Michelle Escoffery, songwriter, president of the PRS Members Council: “Equity. For more companies, platforms and organisations to actively be making meaningful, measurable changes towards fairness and inclusion right across the industry. To create more opportunities for progress and collaboration, that music creators get paid their fair dues and that we normalise and positively acknowledge and respect difference on all fronts, neurodivergent , ethnic, socio-economic, regional, disability, gender, and sexual orientation. We need to keep the foot on the gas. We’re no where close to where we need to be as an industry.”
Toby L , co-founder, Transgressive: “I want to see a continued growth of kindness, compassion and empathy. In an often unforgiving world, and undoubtedly an extremely challenging era, I would love the music community to be a place of salvation and light for artists, fans and all of those that work within it. Our politicians are failing us, so our corner of the universe should provide some semblance of hope, support and salvation, let alone direction. Whether it’s through conscious activism, charitable acts, education or consciously providing more opportunities to those that truly deserve or cannot typically access them, or ideally a merging of all of these things, I want to see the industry lead the way in terms of moral and ethical aspiration. We can be the hope and beacon that we seek elsewhere.”
Let’s close the gender pay gap and start to level the playing field for women
Nadia Khan, AIM
Vanessa Bosåen, MD, Virgin Music UK: “That all the musicians and professionals who have been hit hardest by the lack of live since 2020 have the greatest year, because they deserve it!”
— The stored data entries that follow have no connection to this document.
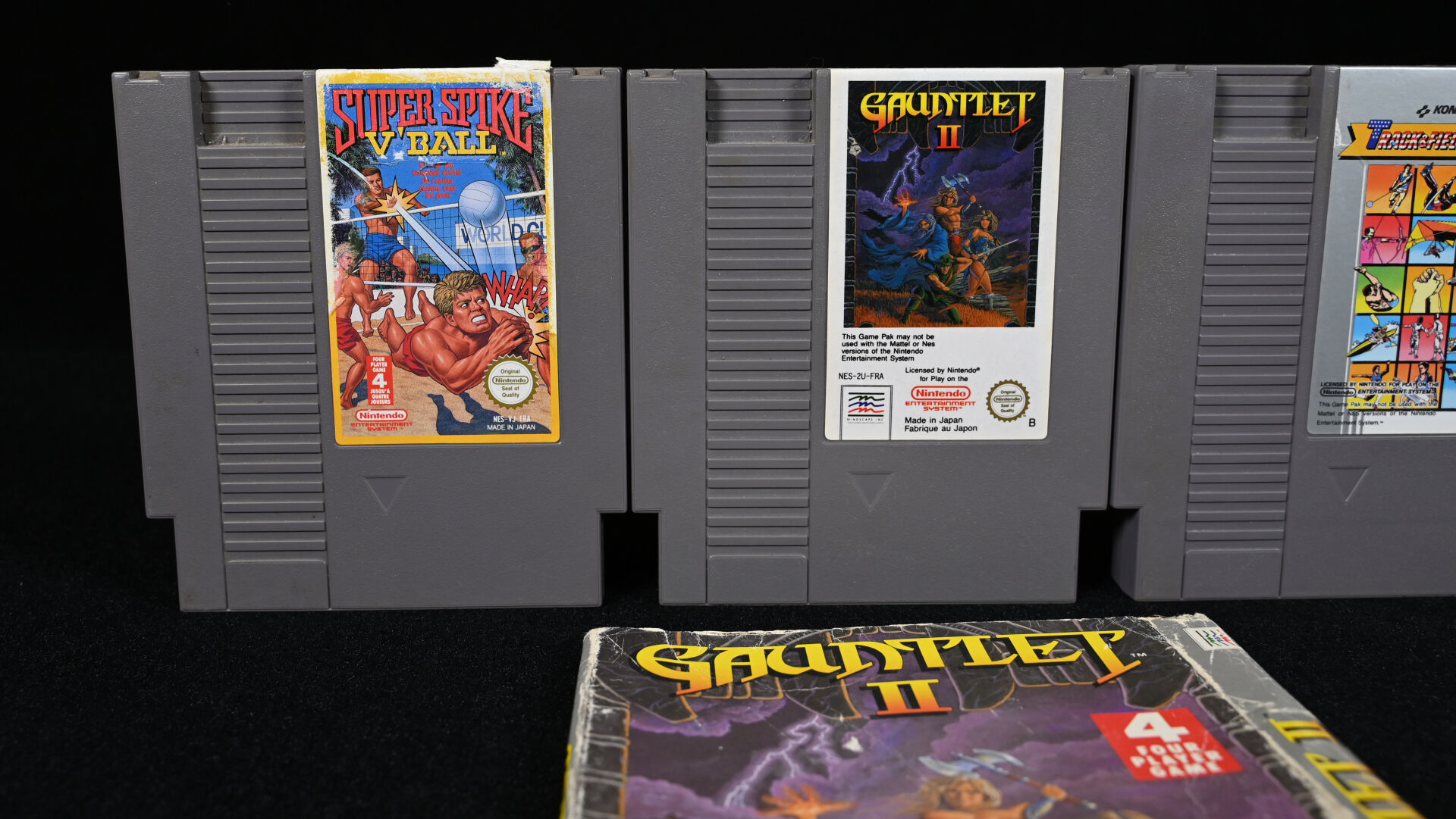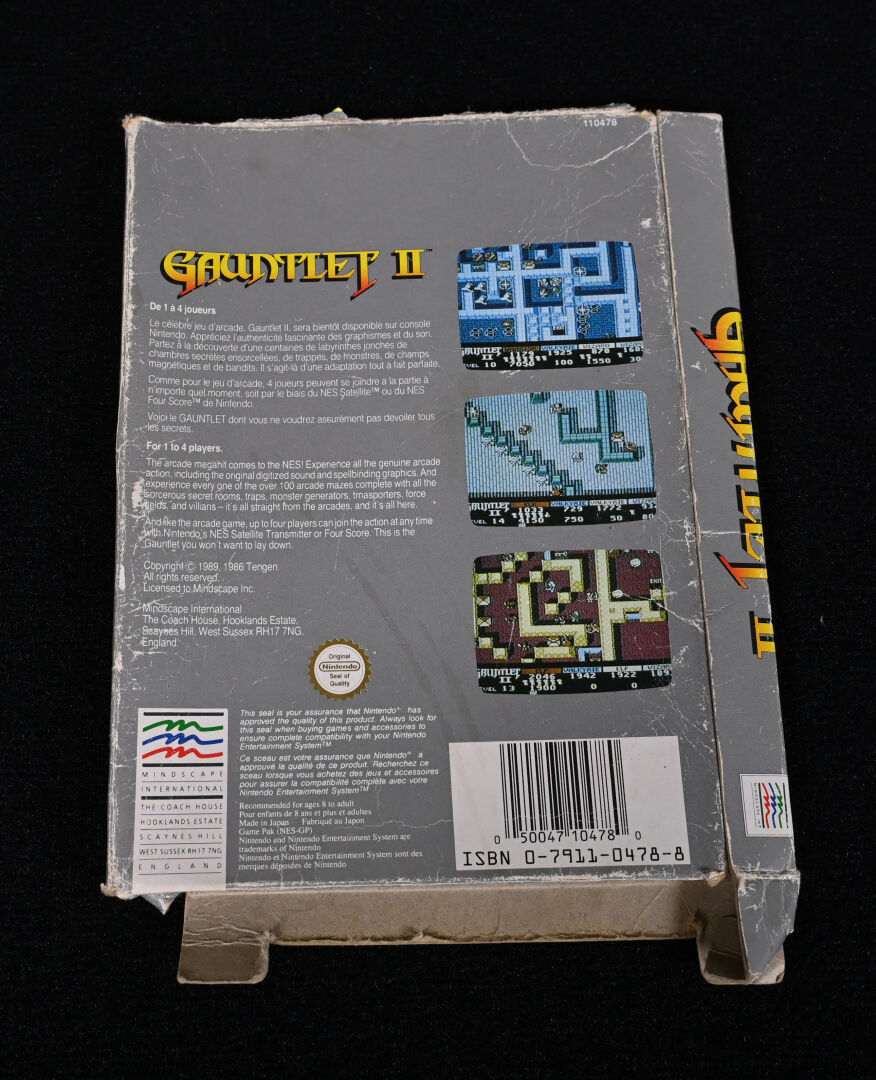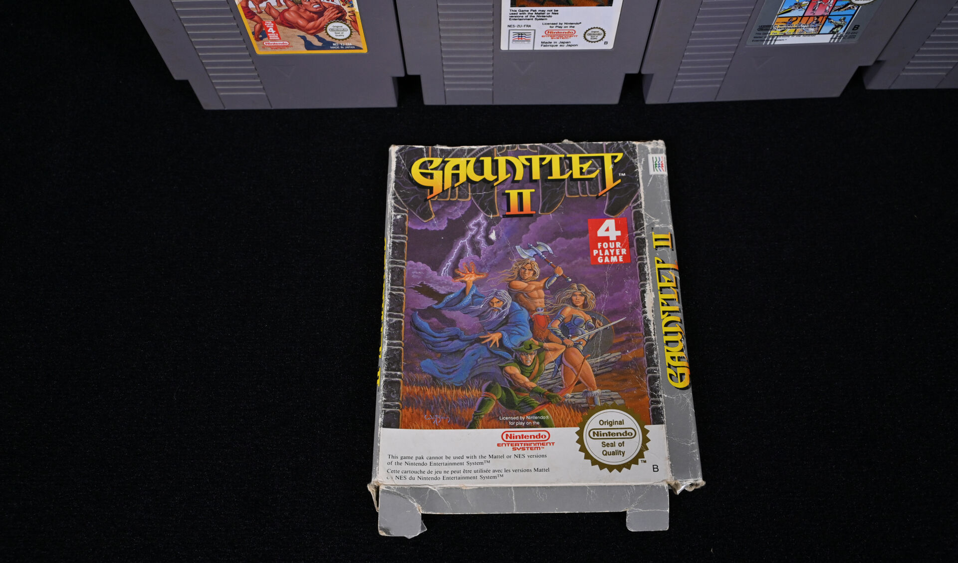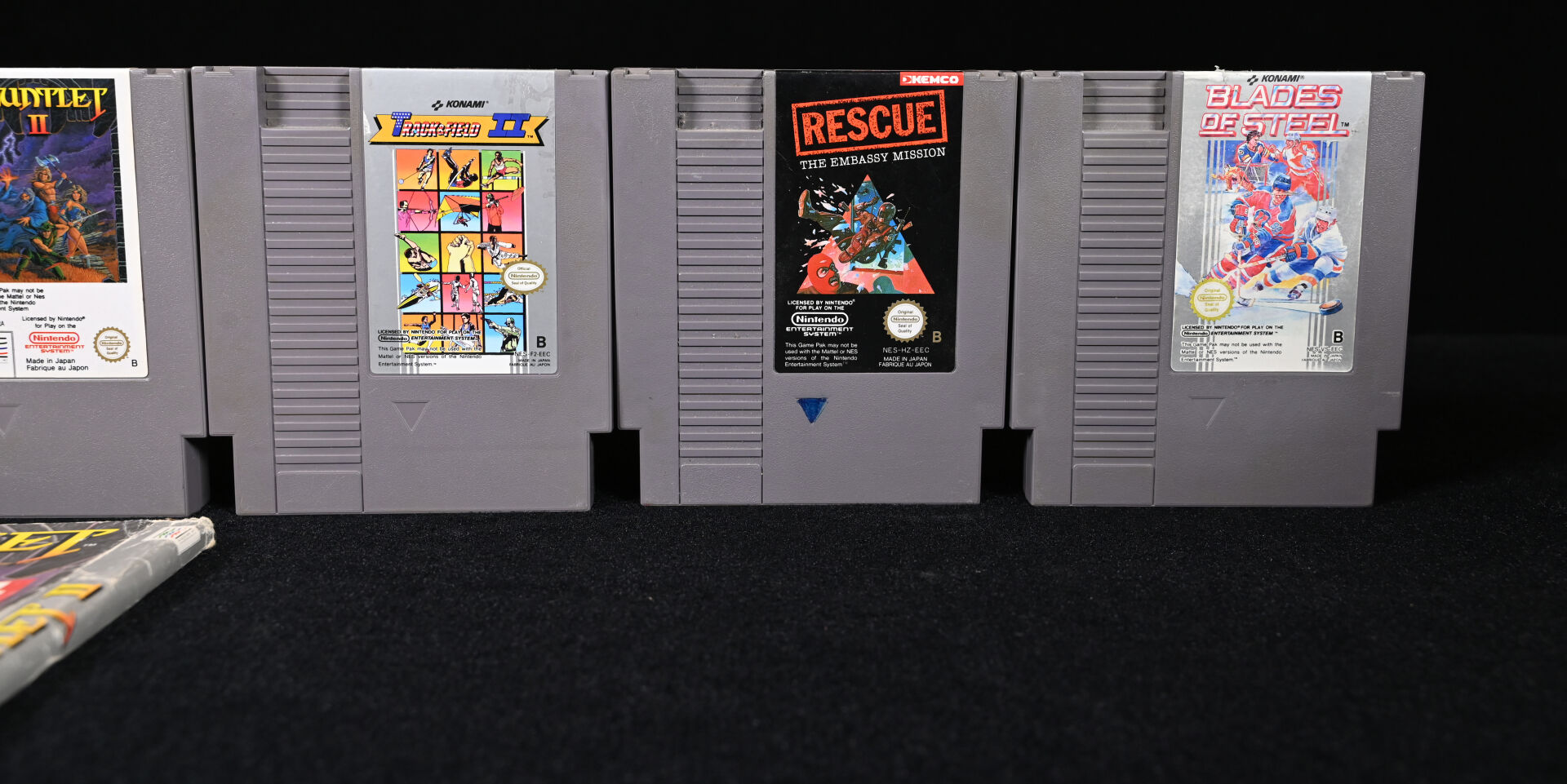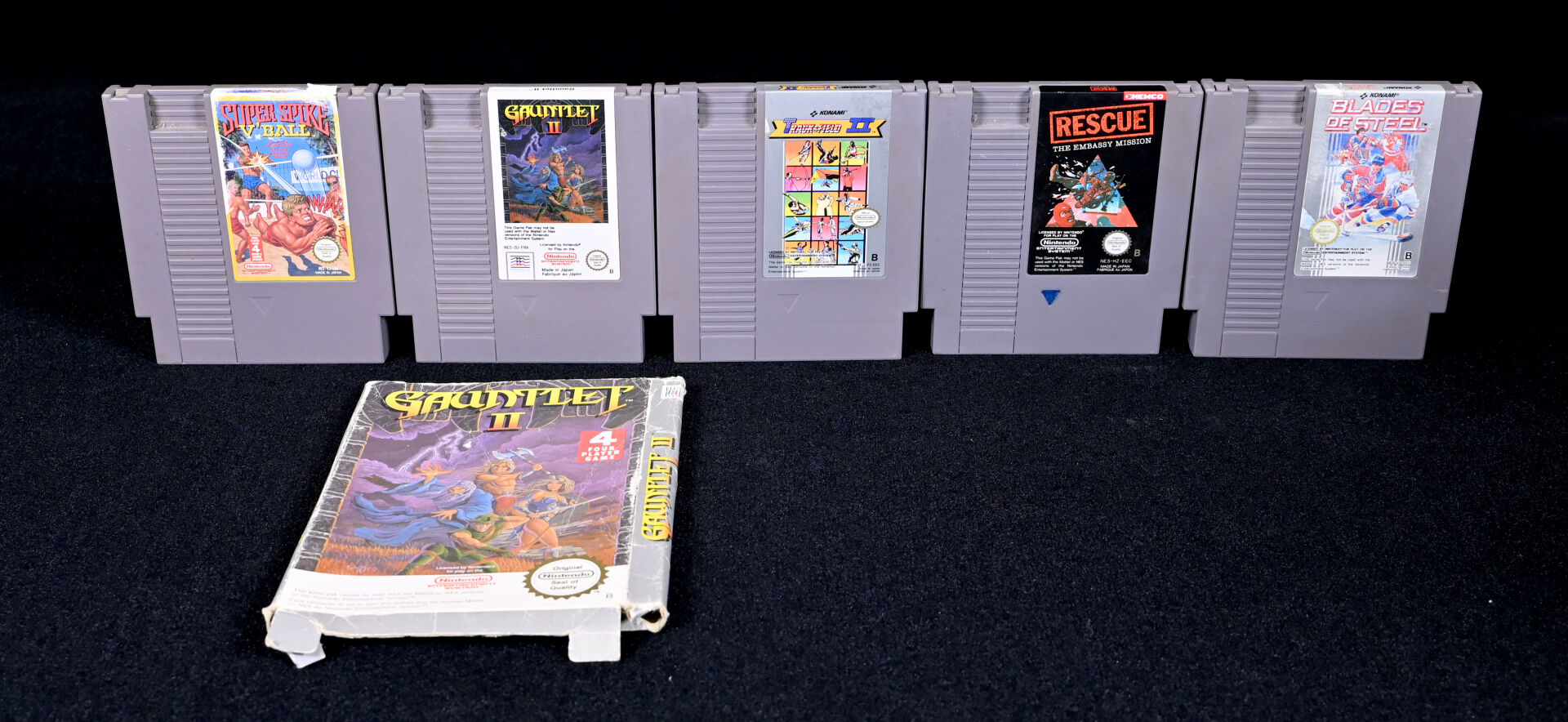 NINTENDO. Ensemble de 5 jeux NES soit GAUNTLET II et sa boite (abimée), RESCUE THE EMBASSY MISSION, TRACK & FIELD II, BLADES OF STEEL et SUPER SRIKE V’BALL.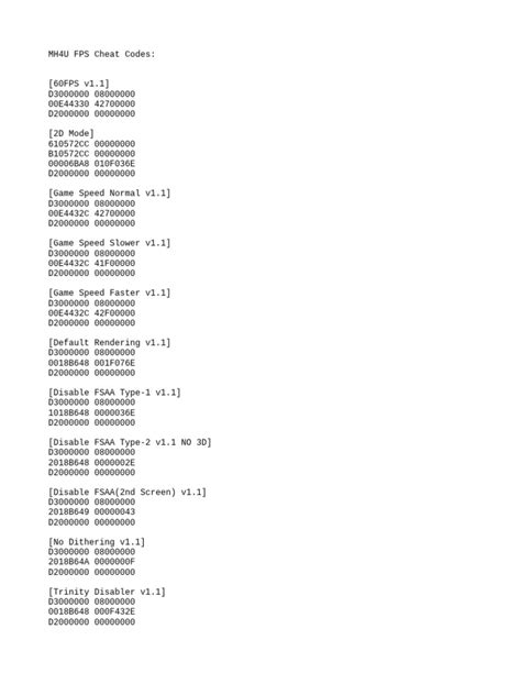 The MH4U 20 FPS cheat is a fascinating topic that highlights the flexibility and moddability of this classic game. While it might not be for everyone, it offers a unique way to experience the game and to explore its hidden depths. Whether you’re a speedrunner, a glitch hunter, or simply someone who likes to tinker with game settings, the 20 FPS cheat can open up new possibilities.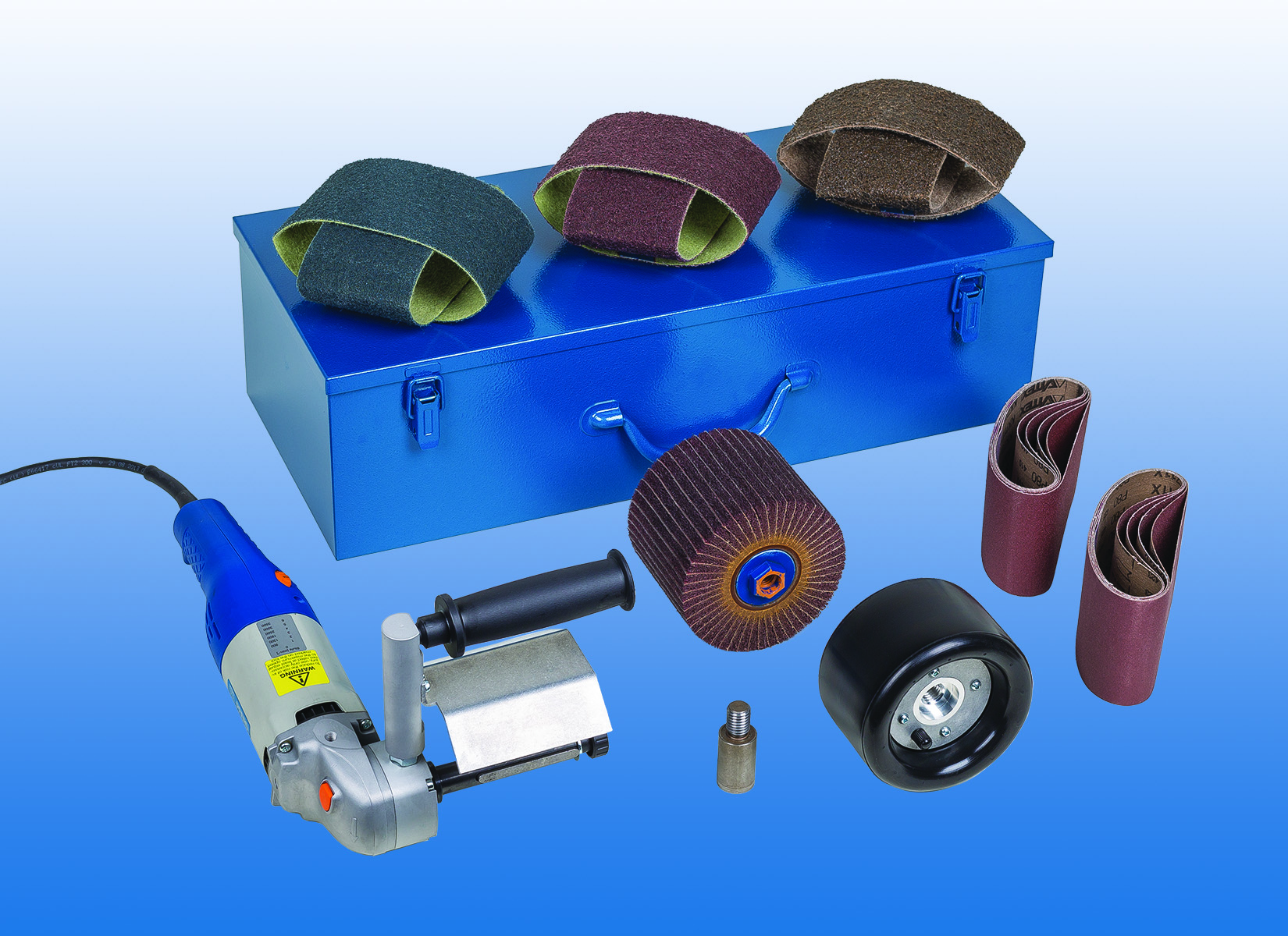 The set also features a selection of PFERD POLIVLIES non-woven surface conditioning belts, an aluminum-oxide coated abrasive belt, a pneumatic drum holder for belts and a new electric linear finishing tool. This 120V variable-speed tool features a step-less speed range of 850 to 3,800 rpm at a power output of 900 watts. A removable keyed drive spindle also allows for mounting of wheels and drums with keyed arbor holes, as well as 5/8-11 threaded products.

Ben Wynter, Power Up, Unstoppable Music: “Hopefully the majors will stand by their commitment to create a more equal and equitable industry for all by coming to the table to discuss POWER UP in 2022.”
Annabella Coldrick – CEO, MMF: “That the industry can agree to treat artists fairly and ensure they receive a fair share of the massively increasing streaming income without having to resort to legislation.”
Tim Major, co-MD, Sony Music Publishing: “That we can be even more intentional about diversity and inclusion in our industry, that we urgently find a way to address our impact on climate change and that we have a fully informed and accurately targeted effort to ensure that songwriters are correctly rewarded for their work.”
Nadia Khan, chair, AIM: “We’ve got the data it’s time for action in 2022! Let’s close the gender pay gap and start to level the playing field for women in the industry. Collectively we can make the industry a better and safer place.